Description of the task | When you reach the line below that has "Chá de fraldas", start returning lines exactly, and stop after the line that has "<B>1874 10C Arrows"; skip the pictures.

-=-=-=-=-

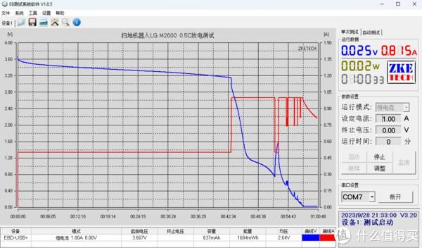 第二调整放电电压为0V,压榨性放电测试,先用0.5A放电,后又调整1A,反复调整了几次,又放出637mAh的电,加上第一次不足1200mAh,和原来的2600mAh相差甚远。
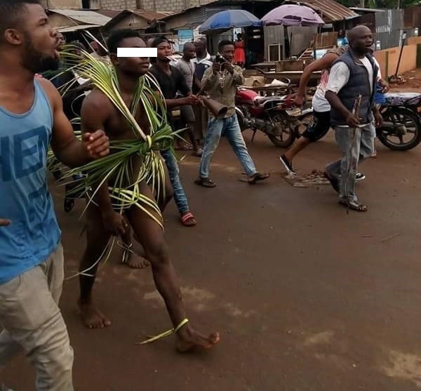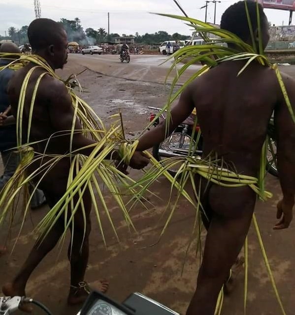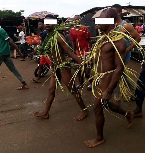 Two homosexuals caught having sex stripped naked and paraded round town in Nigeria
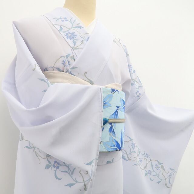淡く澄んだ藤色の地に、風にそよぐような唐花の模様が涼やかに広がる……
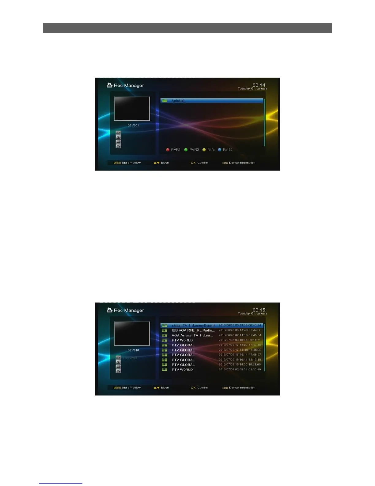 The Rec Manager module is for users to carry out record setting and view the programs recorded:
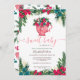 Chá de fraldas de chá de natal de inverno bonito, com flores rosa adoráveis, azuis e cor-de-rosa, ramos de pinheiros em uma xícara de chá rosa com padrão de flocos de neve e coroa floral botânica de inverno e confete de cintura falsa. Um doce bebê está se preparando!
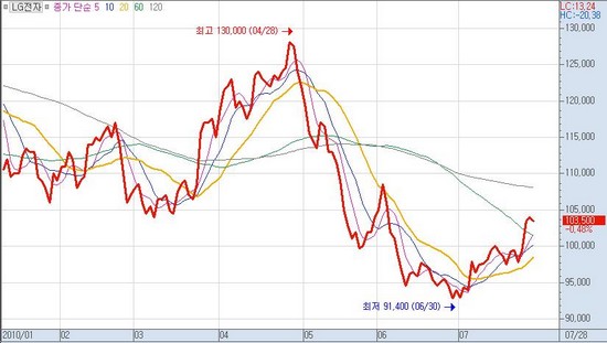 LG전자는 2분기 실적 부진 전망에 따른 조정 이후 28일 실적 발표를 앞두고 가격 메리트 부각과 하반기 개선에 대한 기대감에 최근 3거래일 연속 상승하면서 간신히 10만원대 주가를 회복한 상황이다.
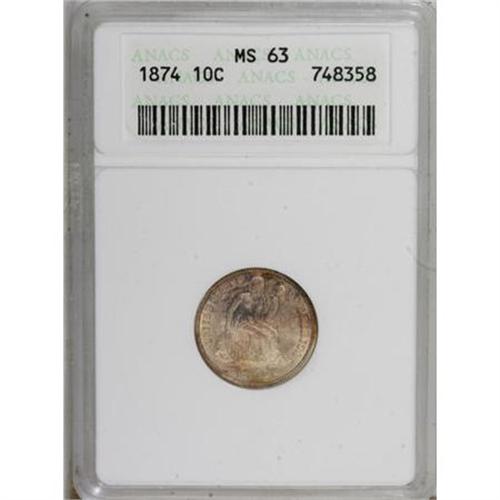 <B>1874 10C Arrows MS63 ANACS.</B></I> NGC Census: (27/78). PCGS Population (33/92). Mintage: 2,940,000. Numismedia Wsl. Price for NGC/PCGS coin in MS63: $840. (#4668)<BR><BR><B>Coin Engraver:</B> Christian Gobrecht<BR><BR><b>Shipping:</b> Coins & Currency (<a target="_blank" href="http://www.heritageauctions.com/common/shipping.php">view shipping information</a>)
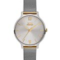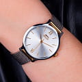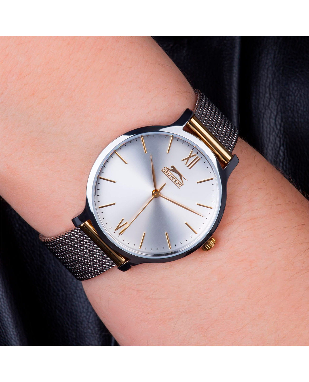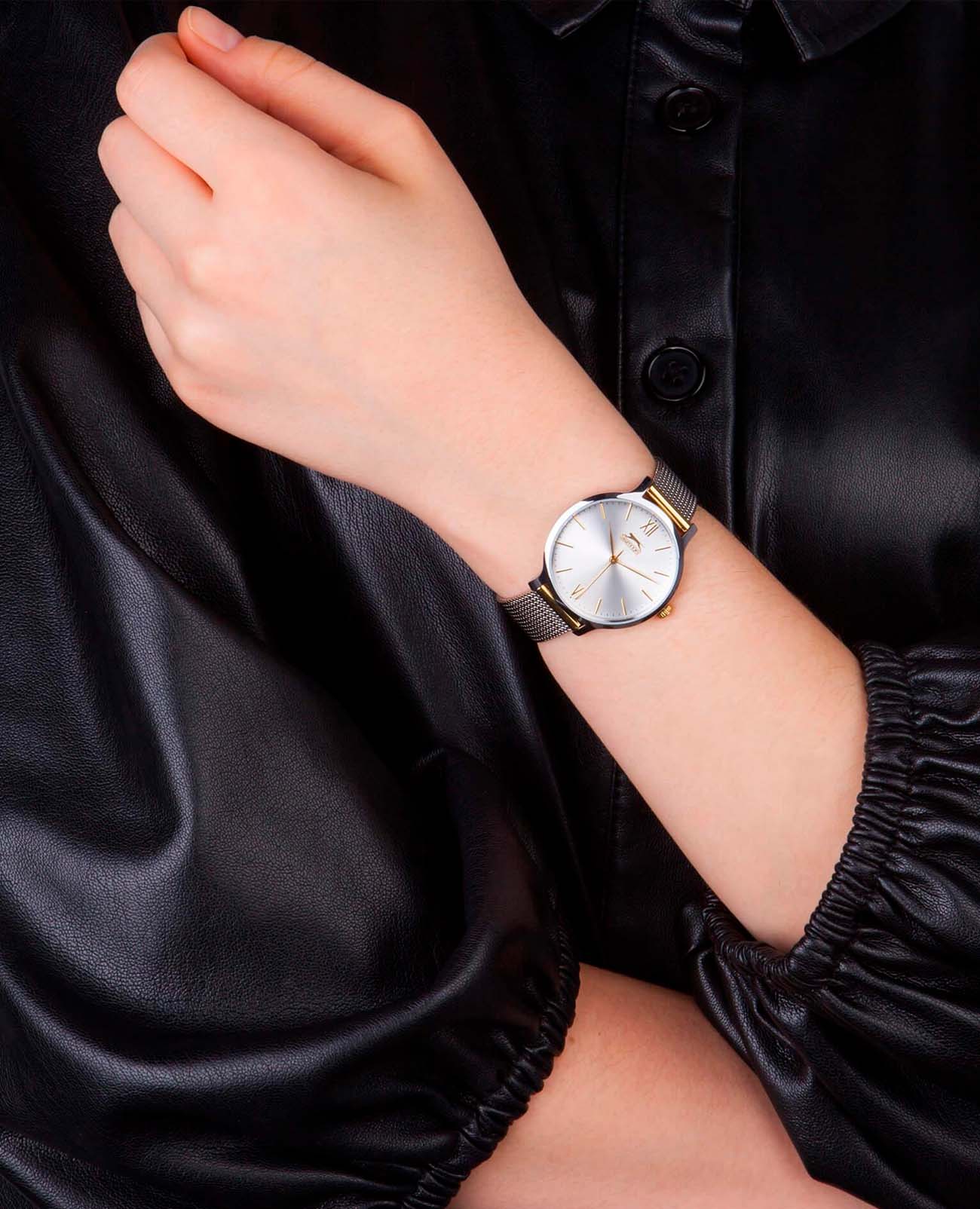Женские наручные часы Slazenger SL.09.1823.2.03 из коллекции Essentials сочетают в себе элегантный дизайн и практичность современных технологий. Модель обладает круглым корпусом диаметром 34 мм, изготовленным из суперметалла с IP-покрытиемIP-покрытиеМетод ионного напыления. Демонстрирует повышенную устойчивость к истиранию, окислению и химическим веществам. Под воздействием высокого давления и температуры около 1500°C молекулы металла надёжно соединяются с частицами корпуса часов., что обеспечивает высокую устойчивость к внешним воздействиям. Браслет выполнен в виде миланского плетения серебряного цвета с раскладной застежкойРаскладной замокДанный вариант застежки используется только на часах с металлическим браслетом. Отличительная особенность такого крепления в том, что длина браслета становится универсальной и вы можете самостоятельно отрегулировать нужный вам размер – застежка просто двигается по браслету часов., гарантирующей комфортное ношение и безопасность. Серебристый циферблат делает модель особенно женственной и привлекательной. Для защиты используется минеральное стеклоМинеральное стеклоМинеральное стекло представляет собой искусственно выращенный минерал кварца. Такое стекло отличается особой устойчивостью к повреждениям и царапинам. Уступает по некоторым качествам сапфировому стеклу., обеспечивающее прочную защиту от царапин. Часы работают на кварцевом механизме, что гарантирует точное время без необходимости подзаводки. Водонепроницаемость часов составляет 3 атмосферы (30 метров), что позволяет использовать их в повседневной жизни, но не рекомендуется для плавания или водных видов спорта.
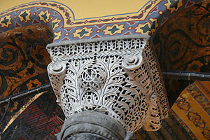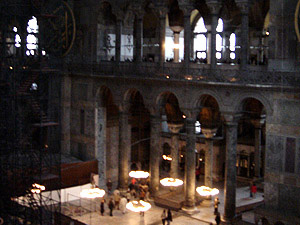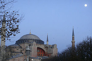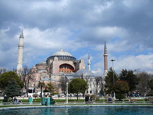 原由君士坦丁大帝於西元360年建造,位於藍色清真寺的正對面,教堂經歷多次改朝換代,原本是遵照查士丁尼大帝的命令,要建造一座全世界最大的教堂,後來鄂圖曼土耳其帝國征服君士坦丁堡,教堂被改建成伊斯蘭教清真寺,一直到土耳其共和國建立後才改為博物館。這座教堂氣勢恢弘,有直徑33公尺的巨大圓頂,104根大理石柱的柱廊,牆上基督教聖像馬賽克壁畫,散發莊嚴神聖的氣氛,不過四周又立有四根清真寺才有的尖塔,內殿還掛著巨大的可蘭經,這裡往往會令人懷疑到底是上帝還是阿拉的殿堂。不過它絕對是令人驚嘆的偉大建築。公認是拜占庭建築藝術的代表作,也被百科全書選為現代七大世界奇觀之一。
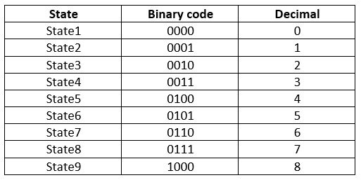 parameter State1=0,State2=1,State3=2,State4=3,State5=4,State6=5,State7=6,State8=7,State9=8;The registers are 9 bits whereas the states only require 4 bits because they are binary encoded:
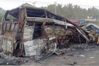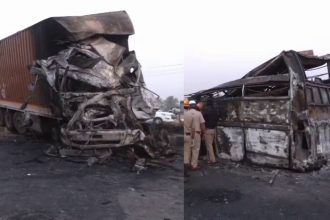 ಲಾರಿ ಡಿಕ್ಕಿಗೆ ಖಾಸಗಿ ಬಸ್ ಧಗಧಗ – 10 ಮಂದಿ ಸಜೀವ ದಹನ
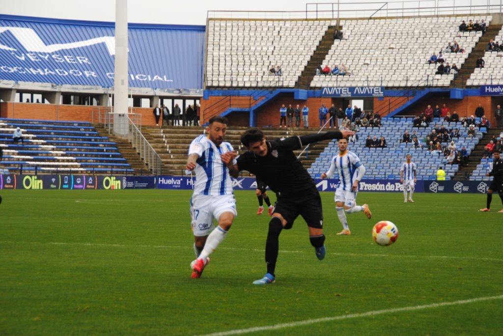 El Recre salió al campo con las ideas muy claras, ganar los tres puntos en juegos y presionaba al Almería B. arrinconándolo en su área, con una defensa bien colocada el Recre jugaba por banda con centro sobre la portería defendida por Jesús López, era difícil entrar por medio con jugadas bien trenzadas ya que habías demasiadas piernas Almeriense, jugaban al contra ataque cuando veían a la defensa Onubense adelantada, Irene Burgos solo ante Jero Lario ya batido se la cruzó y salió rozando el palo derecho, la siguiente jugada Alex Bernal fue derribado claramente el área penalti claro el colegiado no pito nada el Colombino protector bastante enfadado.

-=-=-=-=-

Response box |
 Chá de fraldas de chá de natal de inverno bonito, com flores rosa adoráveis, azuis e cor-de-rosa, ramos de pinheiros em uma xícara de chá rosa com padrão de flocos de neve e coroa floral botânica de inverno e confete de cintura falsa. Um doce bebê está se preparando!
 LG전자는 2분기 실적 부진 전망에 따른 조정 이후 28일 실적 발표를 앞두고 가격 메리트 부각과 하반기 개선에 대한 기대감에 최근 3거래일 연속 상승하면서 간신히 10만원대 주가를 회복한 상황이다.
 <B>1874 10C Arrows MS63 ANACS.</B></I> NGC Census: (27/78). PCGS Population (33/92). Mintage: 2,940,000. Numismedia Wsl. Price for NGC/PCGS coin in MS63: $840. (#4668)<BR><BR><B>Coin Engraver:</B> Christian Gobrecht<BR><BR><b>Shipping:</b> Coins & Currency (<a target="_blank" href="http://www.heritageauctions.com/common/shipping.php">view shipping information</a>)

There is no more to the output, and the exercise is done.